NOESY data and protein ILV methyl protonation are not required in the strategy proposed in this paper for small protein structure determination. NOESY data on the ILV-labeled sample was only used for cross validation of the CS-Rosetta structure. However, CS-Rosetta calculations do not always converge, even for small protein structures, and NOESY data for the perdeuterated ILV methyl protonated protein sample can be used if necessary together with CS-Rosetta if the chemical shift data alone do not provide a converged structure.

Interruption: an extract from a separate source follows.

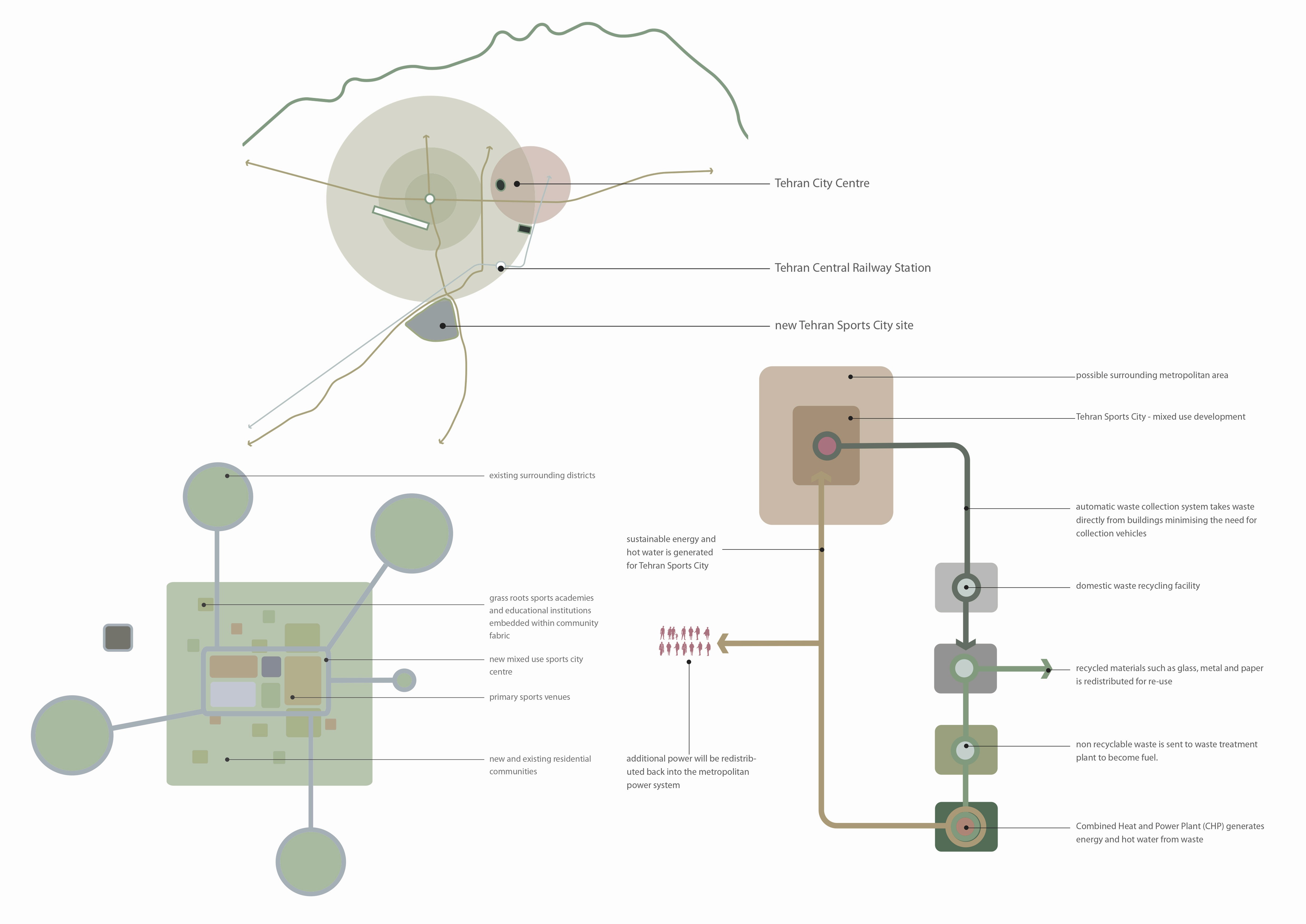 Beyond primary and secondary sports venues Tehran's Sports City has significant capacity for residential, offices, hotel and retail development while also incorporating space for cultural and religious uses.A new ‘city centre’ is proposed adjacent to the primary venue complex incorporating a main shopping bazaar, of offices and a range of hotel and tourism facilities of all standards.In terms of infrastructure it is also proposed that a new railway station linked to central Tehran can be developed in conjunction with a series of multi level carparks and local transport inter- changes. A new facility for converting domestic waste to power is also proposed as a means for providing the city with sustain- able energy.

Our work further demonstrates that 2H, 13C,15N-enriched protein samples made by the cSPP system at a drastically reduced cost and purified with a single-step Ni–NTA affinity chromatography, allow data collection and automated analysis of backbone 1HN, 15N, 13Cα, 13C′, as well as sidechain 13Cβ, assignments in only a few days. In related work, we have demonstrated the combined use of CS-Rosetta and automated NOESY analysis to provide more accurate NOESY cross peak assignments, beginning with extensive backbone and sidechain assignments [25], and the use of CS-RDC-Rosetta with manually assigned NOESY-based constraints to generate good quality structures of larger (10–25 kDa proteins) [26]. The present study is the first example of applying CS-Rosetta for rapid fully-automated NMR structure determination of small proteins, a unique application that provides a new and general approach for obtaining 3D structures of small proteins. The CspA structure obtained rivals the best NMR structures available to date for CspA using conventional methods, even those utilizing extensive sidechain proton assignments [8]. This approach has tremendous value in preparing protein samples and generating assignments and structural information for small molecule screening studies, as well as in high-throughput structural and functional genomics studies.